An example of a company utilizing the Metaverse is Forever 21’s Metaverse branch that users can enter using their own avatar. There are multiple floors for the avatar to browse and purchase digital clothes using virtual currency. Nike has utilized Roblox to develop Nikeland, where customers are greeted by an avatar reincarnation of LeBron James and can then view their digital products. Even Chipotle has become involved with its own virtual restaurant, and awarded its first 30,000 users with a voucher for a real burrito. E-commerce in the Metaverse is shifting even further away from the traditional brick and mortar style of shopping, and has begun to adopt virtual spaces to drive e-commerce by making users attached to their digital selves. In lieu of running physical stores in every city, there could be a shift in the future to large retailers building “a global hub in the Metaverse that is able to serve millions of customers.” This would be attractive to retailers due to lower overheads and the possibility of a high margin e-commerce business.

Opportunities to further enhance life using the Metaverse also exist within educational and working environments.

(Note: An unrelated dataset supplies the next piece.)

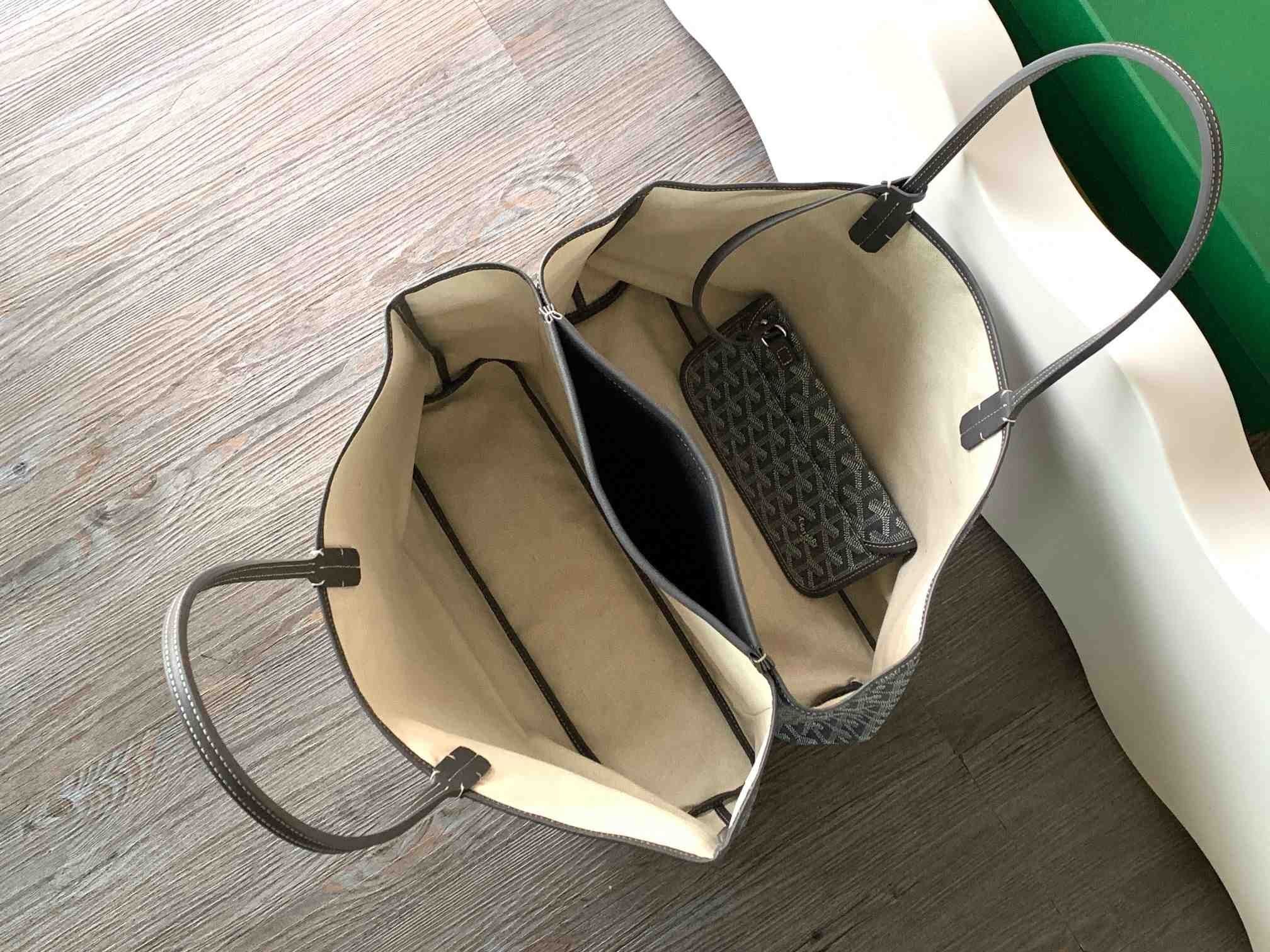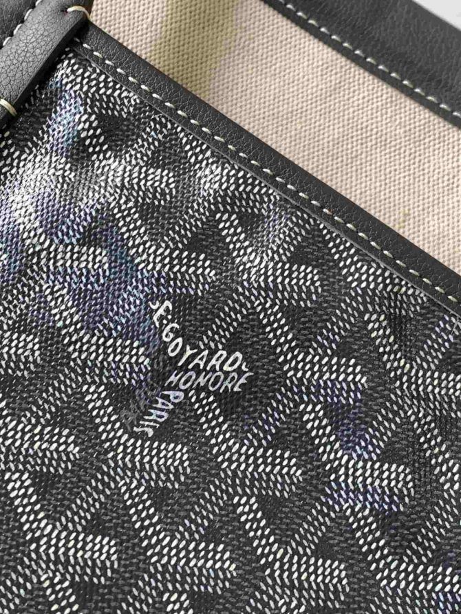 Na Goyard Isabelle Vrece je vyrobené z jedinečného "Maintenue" Goyardine plátno, navrhnuté tak, aby sa udržala jeho dokonalý tvar priebehu času pri zachovaní flexibility a ľahký pocit.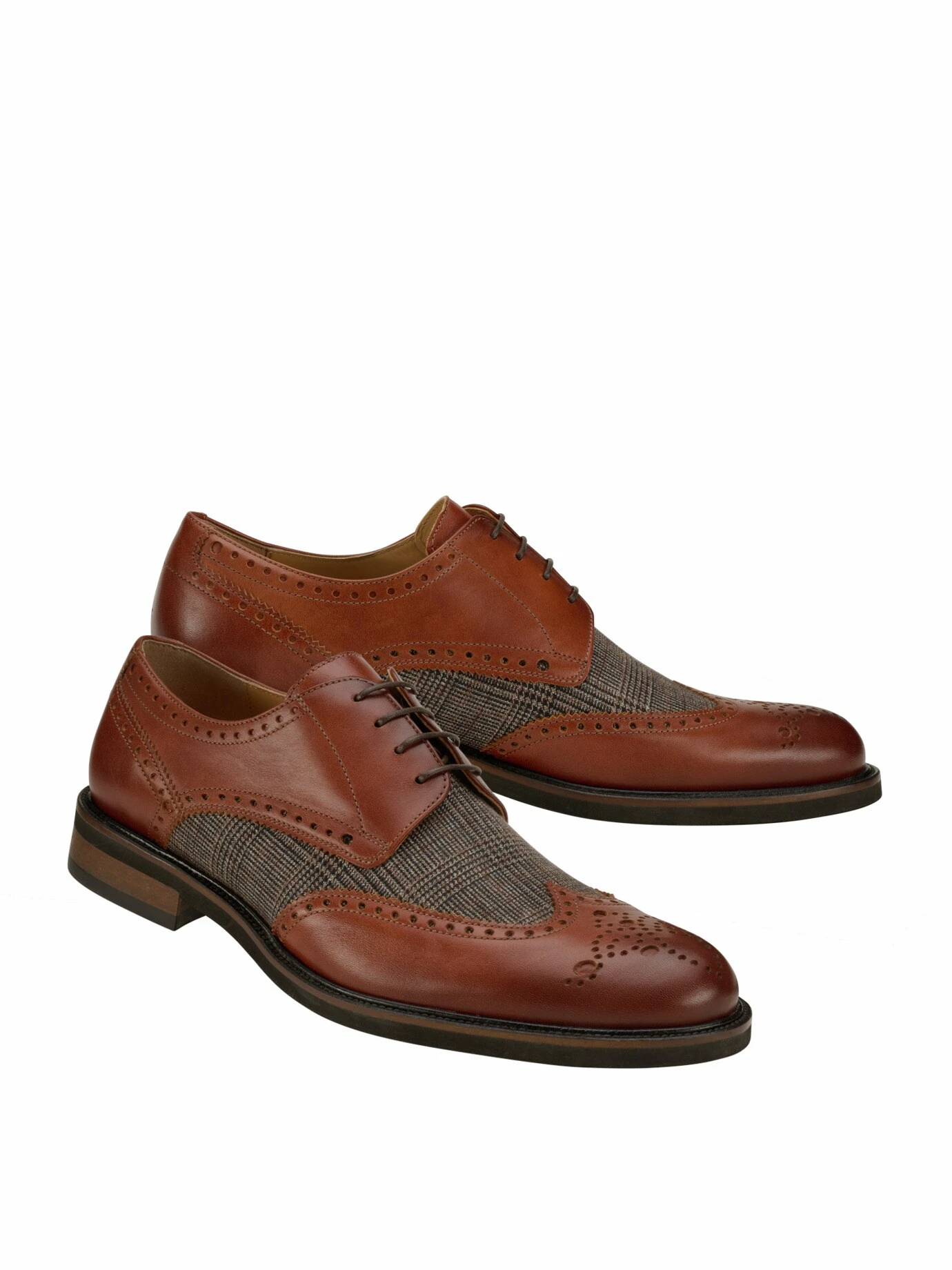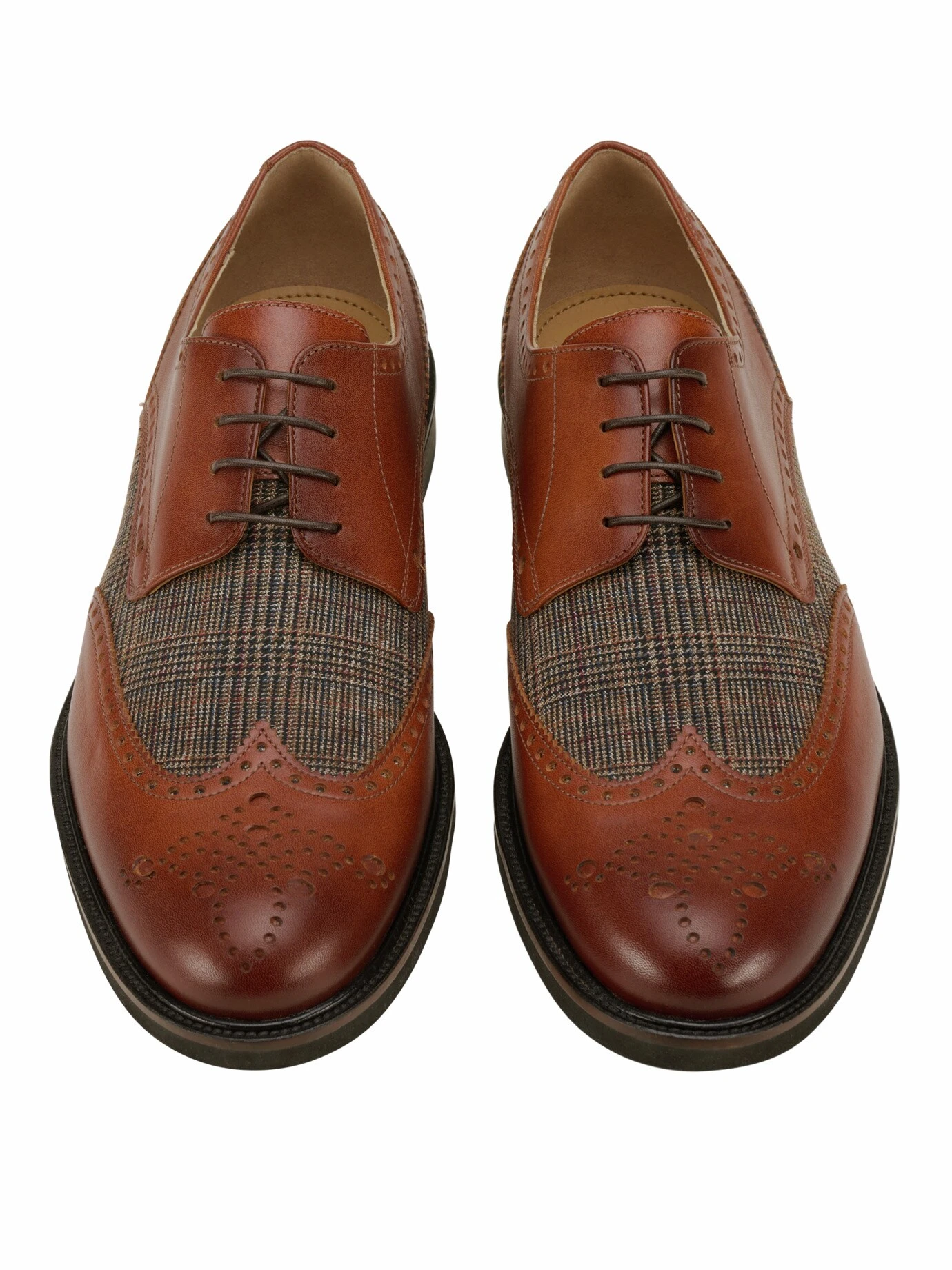 Modernisierter Klassiker. Zierlochung und Flügelkappe – der Budapester. Mit dem Trend derber Schuhe meldet sich der Gangsterschuh der 1930er-Jahre zurück. Neu ist die Kombination: Die Einsätze des klassischen Karos verleihen ihm Heritage-Gefühl. Das Kalbleder stammt aus Italien, ist besonders strapazierfähig und sonst nur bei den großen Luxusmarken zu finden. Natürlich auch innen fürs bessere Fußklima. Besonders gut macht er sich zu schlanken Businesshosen oder engen Jeans, dazu ein Hemd oder Longpolo.

For example, a virtual reality world would be a cost-effective means to access training and development programs. In addition, the workforce in low income countries could gain entry to job opportunities in the west without needing to migrate. Moreover, product testing such as experimenting as to how a robotic system will interact with its physical environment could also be conducted at lower costs.

Although the concept is still in its research and development stage, if Meta and various other firms meet their Metaverse goals it would drastically transform our means of interaction such that it will shift from being grounded in the physical world to being supplemented by a tenacious digital presence. Facebook’s resources, capabilities, and acquisition of Oculus will allow the firm to become a leader in the development of the Metaverse; however, a major element of the Metaverse is the existence of not one, but multiple virtual worlds that people can transport and jump to and from. Hence, there are “swaths of other big-name brands [joining] the race to build their own–” such as Microsoft focusing on AR efforts on “industrial applications like design, manufacturing, and advertising.”

The immersive experience of the Metaverse will be an impressive leap in technology and how people can express themselves and interact with each other. But there are challenges that accompany this advancement.

Significantly, there could be varying opinions on the social costs of people becoming addicted to living in an alternate virtual reality as a means of escapism from the often-times grim reality of the real world. There are also considerable privacy challenges to consider as companies such as Meta begin to collect biometric data to develop realistic avatars or to sell to advertisers.

The Metaverse will enable the monetisation of deeply personal information such as analysis of where and for how long individuals gaze at certain objects – which is not only disconcerting, but also dangerous from a legal perspective.

Technology such as VR glasses, haptic gloves to feel VR objects, 3D cameras, sensors, microphones, etc. will allow companies to mine information on users’ facial expressions, physiological reactions, and make inferences about psychological reactions, process information about the users’ private home environment, and more. Regulations such as the GDPR and UK’s Data Protection Act would need to be updated to ensure that users have “simple ways to exercise their rights.” It will be interesting to see how Meta will convince people to replace their time in the real world with spending it in the Metaverse instead and how it will garner trust from the public while grappling with privacy and political scandals.